Des hackers nord-coréens ont orchestré le plus grand vol de cryptomonnaies de 2026, dérobant 293 millions de dollars à KelpDAO. Cette cyberattaque du groupe Lazarus révèle les vulnérabilités persistantes de la finance décentralisée face aux capacités cybercriminelles croissantes de la Corée du Nord.
Corée du Nord : le plus grand vol de crypto de l’année

La Corée du Nord derrière le plus grand braquage numérique de 2026
Le 18 avril 2026 demeurera gravé dans l'histoire de la finance décentralisée comme l'orchestration du plus spectaculaire détournement de cryptomonnaies de l'année. Des hackers nord-coréens du redoutable groupe Lazarus ont exécuté une cyberattaque d'une envergure sans précédent, s'appropriant 293 millions de dollars de la plateforme KelpDAO. Cette offensive, menée avec une technique remarquable, témoigne de l'ascension fulgurante des capacités cybercriminelles du régime de Pyongyang au cœur de l'écosystème des actifs numériques.

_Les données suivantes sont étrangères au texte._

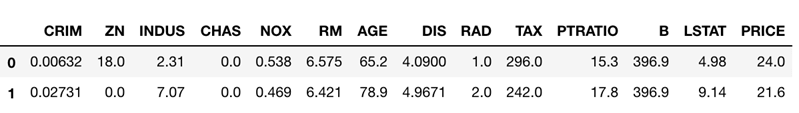 df.columns = boston.feature_names df['PRICE'] = boston.target df.head(2)
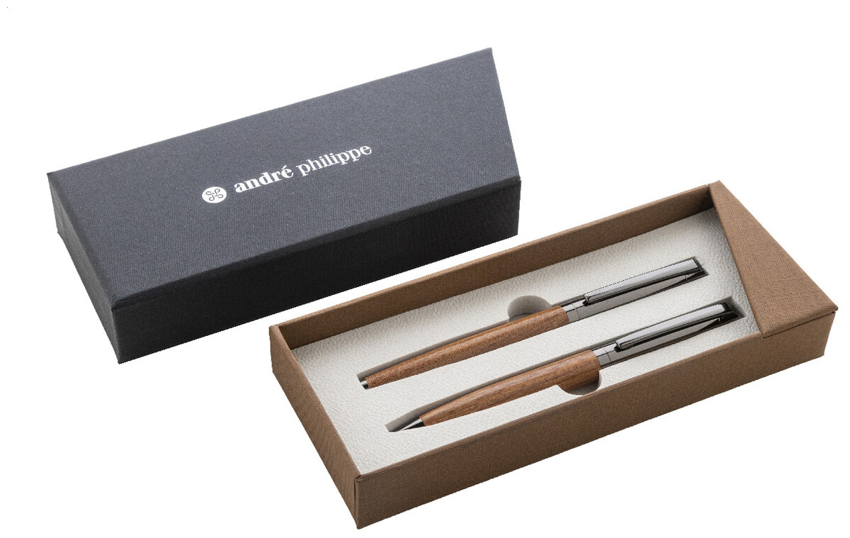 Elegantní sada kovového kuličkového pera a rolleru s dřevěným tělem a lesklými detaily v barvě antracit. Ve dvoubarevné dárkové krabičce s modrou náplní. Produkt značky André Philippe.
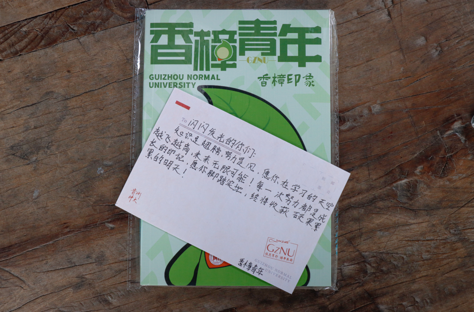 贵州师范大学实践队成员给肇兴中学同学带来的印有“香樟青年”LOGO的笔记本以及亲笔书写的明信片
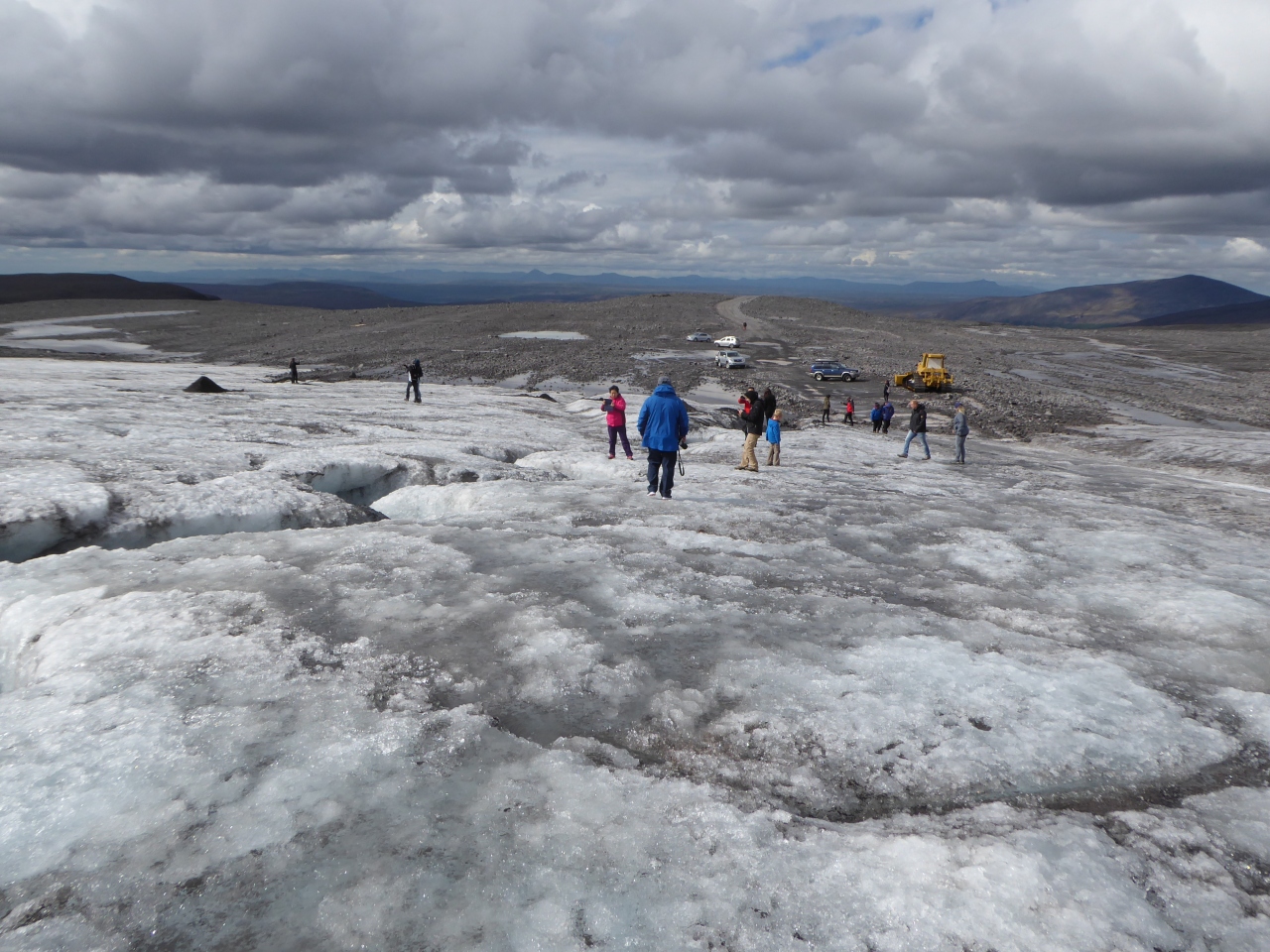 行き止まりの道路上には車が数台駐車しており、氷河上にも人影が見えました。行って見ることにしました。泥濘を注意して進むと、氷河上に到着しました。ザラメ状の引き締まった氷で、解けた氷水が脇で水路になって流れています。雄大な景観です。
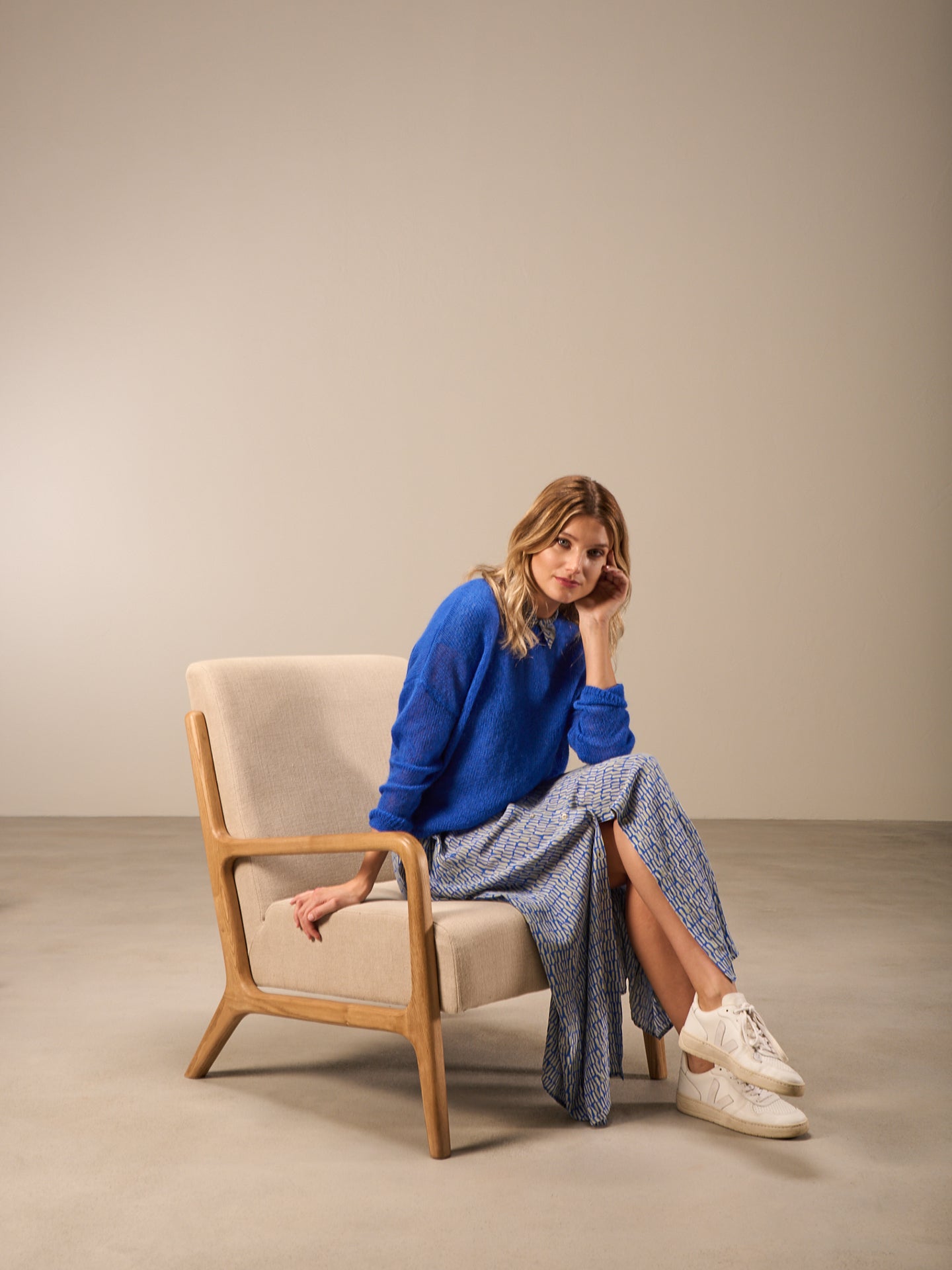 Langes durchgeknöpftes Kleid mit Hemdkragen in körpernaher Passform im oberen Teil, der Jupe ist leicht ausgestellt. Dieses Kleid mit den praktischen seitlichen Taschen ist herrlich luftig an sommerlichen Tage zu tragen. Aus 100% blickdichter, weich fliessender und sommertauglicher Eco Viskose, die aus nachhaltiger Holzwirtschaft gewonnen wird.
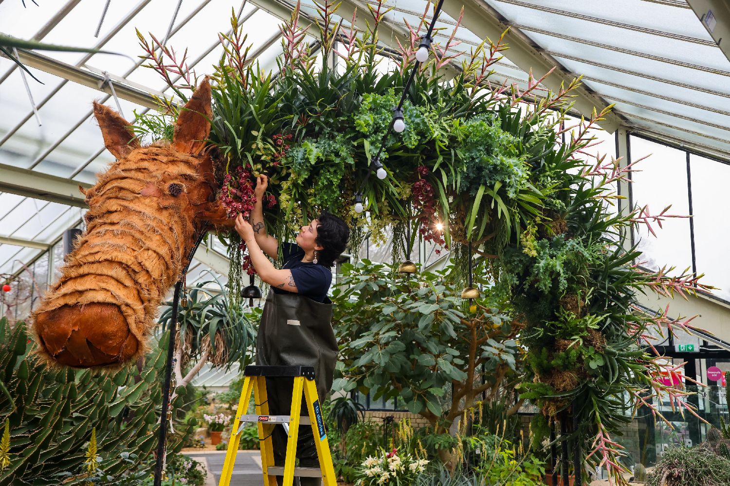 2月5日,园艺师在英国伦敦邱园为兰花节做准备。
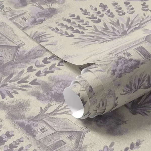 Papel pintado Campos de lavanda y casas en tonos pastel Nr. a00765
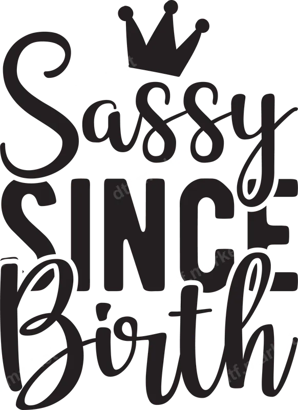 See allThis bold 'Sassy Since Birth' DTF transfer features playful script lettering paired with strong sans-serif text, topped by a charming crown graphic. It's a perfect ready to press design for anyone who's confidently embraced their personality from day one. This high-quality direct to film transfer arrives pre-printed and ready for immediate application, ensuring a professional and vibrant finish on your chosen garment. This sassy heat transfer is ideal for birthdays, girls' trips, or just everyday wear to show off a fun, confident attitude. It makes an excellent gift for friends, sisters, daughters, or anyone who knows they were born to be a queen. Perfect for personalizing clothing for a fun outing or as a unique present for someone celebrating their special day. Applying this iron on transfer is straightforward. Simply use a heat press at 300-325°F for 15 seconds with medium pressure. Alternatively, a household iron can be used for smaller projects, though a heat press provides the best results. Our heat press ready transfers require no weeding, cutting, or layering, saving you time and effort. It works beautifully on cotton, polyester, and various fabric blends. Experience superior durability and vivid colors with this professional-grade apparel transfer. Our DTF transfers are designed to be crack-resistant, peel-resistant, and incredibly soft to the touch, ensuring comfort and longevity. The strong adhesive ensures your design stays put wash after wash, making it a reliable choice for long-lasting custom apparel. Create stunning, high-quality garments with ease.
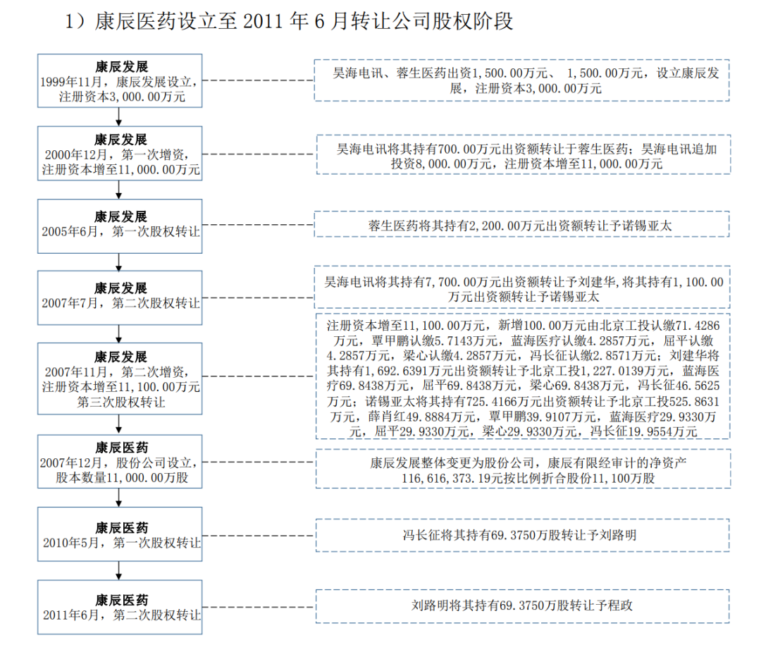 2011年6月,康辰醫(yī)藥和康辰藥業(yè)的股權(quán)架構(gòu)進(jìn)行了調(diào)整,康辰醫(yī)藥向相關(guān)股東轉(zhuǎn)讓康辰藥業(yè)的股權(quán)。
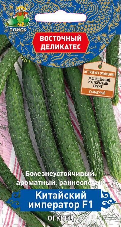 Партенокарпический, раннеспелый гибрид для выращивания в пленочных теплицах и открытом грунте. Период от всходов до сбора урожая 42-45 дней. Плод удлиненно-цилиндрический, длиной 37-40 см, диаметром 5,0-5,5 см, массой 350-400 г, равномерной темно-зеленой окраски, блестящий, крупнобугорчатый. Гибрид устойчив к мучнистой росе, пероноспорозу, фузариозу и высоким температурам. Для употребления в свежем виде и в салатах.
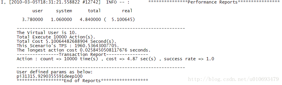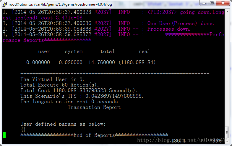 download_process.rb:在进程模式下测试下载一个文件,是并发性能测试的一个例子。这部分的重点是定义了mode = ‘p’,表明测试使用进程模式。init(){ }定义了并发用户数目users和每个用户执行多少次iterations。action(){ }定义了要测试的行为。end(){ }部分没有执行动作。最后调用run和report执行程序和输出报告,然后输出系统TPS。
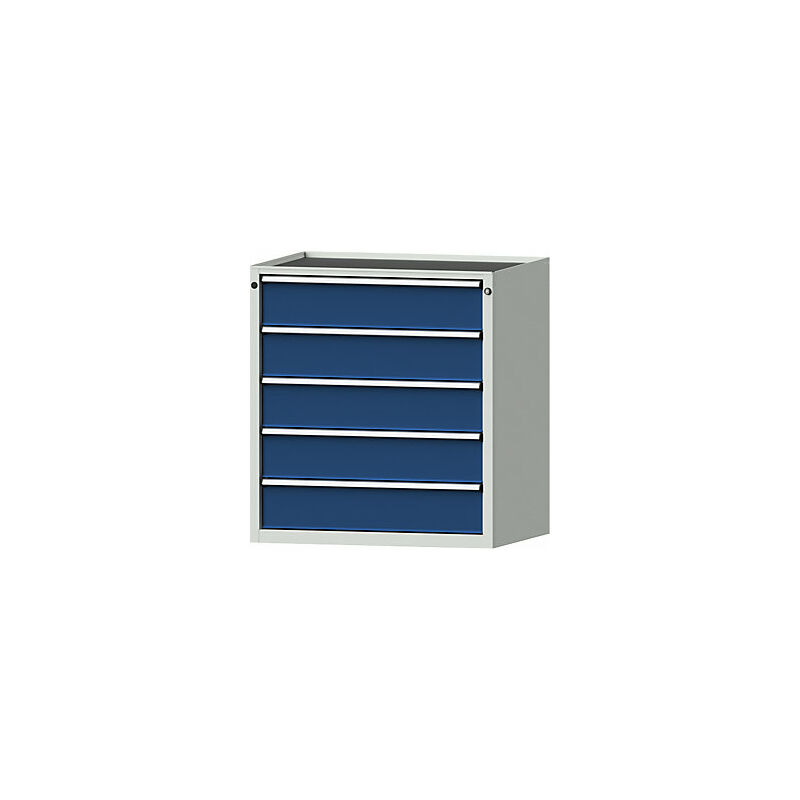 Cassettiera, largh. x prof. 910 x 675 mm, portata cassetti 200 kg, 5 cassetti, altezza 980 mm, frontalino blu genziana. Fornitura = montato. Altezza = 980 mm. Larghezza = 910 mm. Profondità = 675 mm. Portata per cassetto = 200 kg. Numero cassetti = 5 pz. Altezza cassetti = 5x180 mm. Estrazione cassetti = 100%. Colore corpo = grigio chiaro RAL 7035. Colore frontalino = blu genziana RAL 5010. Dotazione = sicure antiribaltamento. Materiale = lamiera d'acciaio, verniciata a polvere. Versione cassetti = guida a rulli. Serratura = chiusura centralizzata a cilindro. Dimensioni interne cassetti = 750x600 mm. Caratteristiche = possibilità di applicare targhette. Portata cassetti 200 kg. Estraibili al 100%, massimo sfruttamento dello spazio. Sicurezza antiribaltamento garantita da un fermo di bloccaggio singolo. Chiusura centralizzata: serratura a cilindro con nucleo sostituibile o serratura elettronica. Robusta struttura in lamiera d'acciaio verniciata a polvere. Corpo grigio chiaro RAL 7035.

L'assaut s'est déployé selon une chorégraphie désormais emblématique des pirates informatiques mandatés par la Corée du Nord. À 17h35 UTC précisément, les assaillants ont exploité une vulnérabilité critique du bridge LayerZero de KelpDAO, injectant un message falsifié au sein du système. Cette manœuvre chirurgicale leur a permis de libérer 116 500 rsETH, soit l'équivalent de 293 millions de dollars, littéralement matérialisés par cette faille sécuritaire béante.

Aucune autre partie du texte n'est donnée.